Shrek hat ein gemeinsames zu Hause mit der Frau die er liebt, hat drei wundervolle Kinder und viele Freunde. Und doch sehnt er sich in jene Zeit zurück, in der er der gefürchtete Oger war. Rumpelstilzchen bietet dem unglücklichen Monster einen Vertrag an, der es Shrek ermöglicht für einen Tag wieder das furchterregende Monster zu sein. Als Gegenleistung muss der Oger auf einen Tag aus seiner Vergangenheit verzichten. Shrek willigt ein, ohne zu wissen, dass Rumpelstilzchen damals das Königreich überschrieben bekommen hätte, wenn Shrek nicht Prinzessin Fiona aus dem Drachenturm befreit hätte. Nach Unterzeichnung des Vertrags findet sich der Grünling in einer fremden Alternativwelt wieder, in der jeder wie gewünscht vor ihm Angst hat, in der aber keiner seiner Freunde ihn kennt und Rumpelstilzchen Herrscher über Weit Weit Weg ist. Nur ein Kuss bis Sonnenaufgang zwischen Shrek und Fiona kann verhindern, dass dieser Zustand dauerhaft besteht. Fiona ist jedoch keineswegs an einen Kuss des ihr unbekannten Oger interessiert, ist diese doch eine knallharte Kämpferin, die gerade in den Vorbereitungen zur Revolution gegen Rumpelstilzchen steckt...

Shreklich brav...
 
Bereits vor Teil 3 kündigten die Dreamworks-Studios an, mit Teil 4 würde die Reihe um den grünen Oger Shrek ihr Ende finden. Eine solche Ankündigung weckt Interesse, erwartet man doch eine Geschichte, die einen deutlichen Abschluss präsentiert, ein Ende, dass ein bestimmtes Kapitel schließt.

Als ich erstmals von der Geschichte von „Für immer Shrek“ erfuhr, wuchs meine Neugierde noch ein Stückchen an, klang die Idee doch verlockend, die Figuren der Reihe mal alternativ in einer anderen Gegenwart zu erleben. Da ich zu der Minderheit gehöre, der Teil 3 gefallen hat, bremste auch dieser die Vorfreude nicht aus.

Doch was soll man sagen: wer sich schon im Vorgänger darüber beklagte, die Reihe sei zu brav geworden, der wird mit der dritten Fortsetzung nun gar nichts mehr anfangen können. „Shrek 4“ (Alternativtitel) ist nun endgültig zu einem Mainstream-Produkt geworden, das die frechen Züge, die Teil 1 und 2 zu etwas besonderem machten, nur noch für kurze Augenblicke aufleuchten lässt. Teil 4 bietet eine biedere Moral, niedliche Momente und keineswegs eine innovative Geschichte, wie der Trailer noch hätte vermuten lassen können.

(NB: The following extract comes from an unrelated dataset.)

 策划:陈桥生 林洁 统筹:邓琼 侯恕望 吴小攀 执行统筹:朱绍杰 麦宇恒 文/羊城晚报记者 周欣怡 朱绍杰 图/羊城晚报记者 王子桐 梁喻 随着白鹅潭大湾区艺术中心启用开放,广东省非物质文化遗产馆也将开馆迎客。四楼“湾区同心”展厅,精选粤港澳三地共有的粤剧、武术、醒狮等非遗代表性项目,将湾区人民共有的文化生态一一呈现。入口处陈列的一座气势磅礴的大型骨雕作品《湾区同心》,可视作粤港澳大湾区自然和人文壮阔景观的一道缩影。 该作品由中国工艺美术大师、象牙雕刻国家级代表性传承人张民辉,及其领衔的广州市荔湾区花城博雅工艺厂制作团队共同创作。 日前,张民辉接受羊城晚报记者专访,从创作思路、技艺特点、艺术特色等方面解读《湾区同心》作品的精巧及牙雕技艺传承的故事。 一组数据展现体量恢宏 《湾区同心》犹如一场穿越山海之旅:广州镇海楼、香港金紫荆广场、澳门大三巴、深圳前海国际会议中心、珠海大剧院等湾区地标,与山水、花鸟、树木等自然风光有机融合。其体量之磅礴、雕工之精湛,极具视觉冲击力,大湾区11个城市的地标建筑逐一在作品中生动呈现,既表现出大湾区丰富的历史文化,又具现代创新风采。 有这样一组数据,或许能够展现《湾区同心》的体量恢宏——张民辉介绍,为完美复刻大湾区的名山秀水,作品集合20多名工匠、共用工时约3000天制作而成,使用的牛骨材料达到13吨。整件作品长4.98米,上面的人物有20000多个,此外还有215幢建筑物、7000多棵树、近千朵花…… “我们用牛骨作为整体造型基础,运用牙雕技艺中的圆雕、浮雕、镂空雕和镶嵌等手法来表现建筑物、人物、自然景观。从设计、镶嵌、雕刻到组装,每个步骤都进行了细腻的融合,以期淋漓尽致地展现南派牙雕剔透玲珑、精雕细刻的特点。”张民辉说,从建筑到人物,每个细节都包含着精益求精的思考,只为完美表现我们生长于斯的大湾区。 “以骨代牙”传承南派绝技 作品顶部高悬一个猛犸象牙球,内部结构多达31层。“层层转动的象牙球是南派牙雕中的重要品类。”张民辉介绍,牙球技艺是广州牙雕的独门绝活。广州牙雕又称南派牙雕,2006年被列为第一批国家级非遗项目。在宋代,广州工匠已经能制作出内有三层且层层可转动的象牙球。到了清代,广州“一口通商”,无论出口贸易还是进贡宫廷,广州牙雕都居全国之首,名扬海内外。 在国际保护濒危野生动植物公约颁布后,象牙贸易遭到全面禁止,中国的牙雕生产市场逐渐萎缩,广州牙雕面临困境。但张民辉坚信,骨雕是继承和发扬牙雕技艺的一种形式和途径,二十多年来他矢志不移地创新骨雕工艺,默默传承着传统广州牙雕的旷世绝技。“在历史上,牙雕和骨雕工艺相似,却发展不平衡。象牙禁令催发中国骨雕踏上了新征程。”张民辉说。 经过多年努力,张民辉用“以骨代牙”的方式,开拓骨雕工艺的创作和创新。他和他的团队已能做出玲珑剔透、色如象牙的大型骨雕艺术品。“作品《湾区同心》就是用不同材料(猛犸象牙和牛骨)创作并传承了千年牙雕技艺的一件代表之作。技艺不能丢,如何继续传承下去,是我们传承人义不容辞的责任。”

Nicht nur dass aus der Grundidee der alternativen Realität viel zu wenig herausgeholt wurde, eine Idee, die allein schon deshalb gut zu nennen ist, weil die Figuren an Abnutzungserscheinungen leiden. Es ist nach Sichten auch kein Abschluss erkennbar, der die große Vorankündigung des letzten Teils und die Formulierung eines „Final Chapter“ rechtfertigt. Teil 4 ist eine Folge wie es „Shrek 2“ und „Shrek 3“ war. Da bekommt man zwar auf „Rocky 5“- und „Lethal Weapon 4“-Art nach Ende der Geschichte die schönsten Momente aller Vorgänger im Abspann präsentiert, es stellt sich dabei aber nie ein Gefühl der Nostalgie ein, eben weil im Bewusstsein des Zuschauers kein Schlussstrich gezogen wurde. Teil 4 ist zu Ende. Ja, und?

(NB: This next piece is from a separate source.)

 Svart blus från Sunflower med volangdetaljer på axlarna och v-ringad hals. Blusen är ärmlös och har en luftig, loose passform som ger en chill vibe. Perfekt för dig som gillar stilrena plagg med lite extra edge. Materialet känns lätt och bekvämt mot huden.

Ein gutes Ergebnis weiß dieser Kritikpunkt nicht zu verhindern, dafür sorgt lediglich die viel zu routinierte Herangehensweise, die sich nun fleißig am beliebten amerikanischen Zeichentrick-Rezept bedient, das in Teil 1 noch so wundervoll durch den Kakao gezogen wurde. So schaut sich „Für immer Shrek“ eher wie „Ab durch die Hecke“, „Jagdfieber“, „Bee Movie“ und wie sie alle heißen mögen, nicht aber wie sein großes Erstling, dass den Computeranimations-Markt ein neues Rezept zuwarf, an dem sich alle Produktionsstudios mit Ausnahme von Pixar, fleißig bedienten. Dadurch war das „Shrek“-Rezept selbst Mainstream geworden, was viele über den eigentlich konsequenten Teil 3 schimpfen ließ. In Teil 4 ist nun gar keine Mühe mehr erkennbar eigenständig wirken zu wollen.

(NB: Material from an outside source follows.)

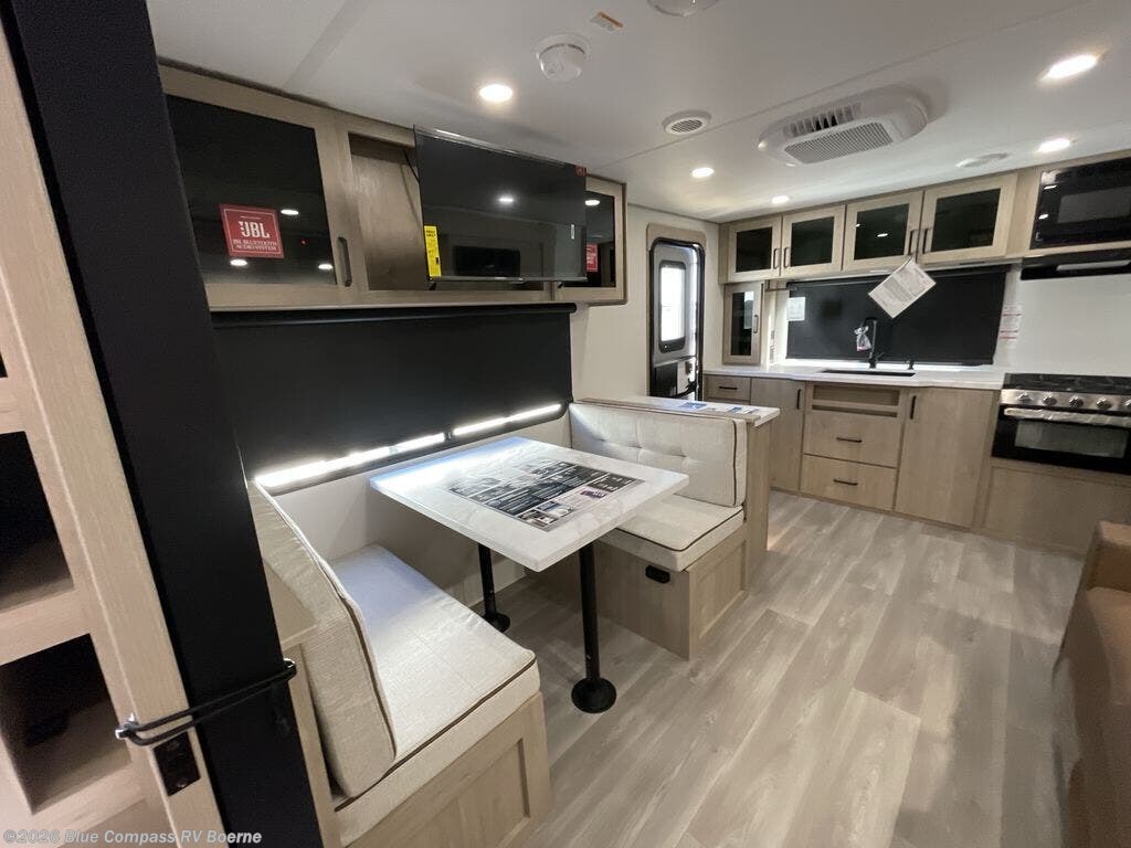 Treat yourself to a weekend of fun in this Imagine XLS travel trailer! Whether it's just you and your spouse, or you've chosen to bring along a group of friends, this trailer will meet your needs. The front bedroom can sleep two people on the walk-around queen-size bed. The bedroom is quite functional because it not only contains the second exterior entry door, but it also has a private entrance into the walk-through bathroom since it is located on the other side of the bathroom. The booth dinette is functional too because it can transform from a dining location into a sleeping location, and the theater seating is directly across from the LED TV for easy viewing. The rear kitchen is fit for the chef on the trip, it features residential countertops, a stainless-steel sink and a 3-burner range with oven for you to cook your meals in comfort.

Das ist schade, führt jedoch nicht zum Totalreinfall, wie bereits die oben erwähnten Vergleichsfilme deutlich machen. Das waren alles sympathische Werke für die ganze Familie, nicht mehr und nicht weniger. Somit kann „Für immer Shrek“ mit heruntergeschraubten Erwartungen und erst recht für das Massenpublikum Freude bereiten. Die Geschichte ist kurzweilig, wenn auch alles andere als einfallsreich, und selten gibt es auch mal die großen Lacher am Rande. In Teil 4 ist es meist der gestiefelte Kater, der für diese zuständig ist. Esel hat er längst abgelöst, der wirkt nur noch wie ein pflichtmäßiges Anhängsel.

Gleiches gilt für Fiona, die lediglich für emotionale Momente zuständig ist. Witzig durfte sie bereits in Teil 3 nicht sein, diesmal ist ihre Figur zumindest für die Geschichte wichtig. Während Pinocchio noch immer für kleine Gags am Rande gut ist, verlieren Figuren wie der Lebkuchenmann fast gänzlich ihren Reiz, ein Fakt, der einen auf die neu eingebrachten Figuren schielen lässt.
 
Doch diese haben auch nicht den großen Knüller zu bieten. Unter den Oger-Rebellen gibt es den ein oder anderen halbwegs interessanten Gag-Lieferanten und der Rattenfänger von Hameln könnte recht witzig sein, würden seine Auftritte nicht dafür verschwendet werden, hippe Party-Tänze entstehen zu lassen, die bei den Kids das Gefühl für Coolness entstehen lassen sollen, nur ein Beispiel für das Anbiedern ans Massenpublikum. In seiner skurrilen Art sehr lustig ist das Haustier und der ständige Wegbegleiter von Rumpelstilzchen, das gerade wegen seiner realistisch gehaltenen tierischen Art zu begeistern weiß.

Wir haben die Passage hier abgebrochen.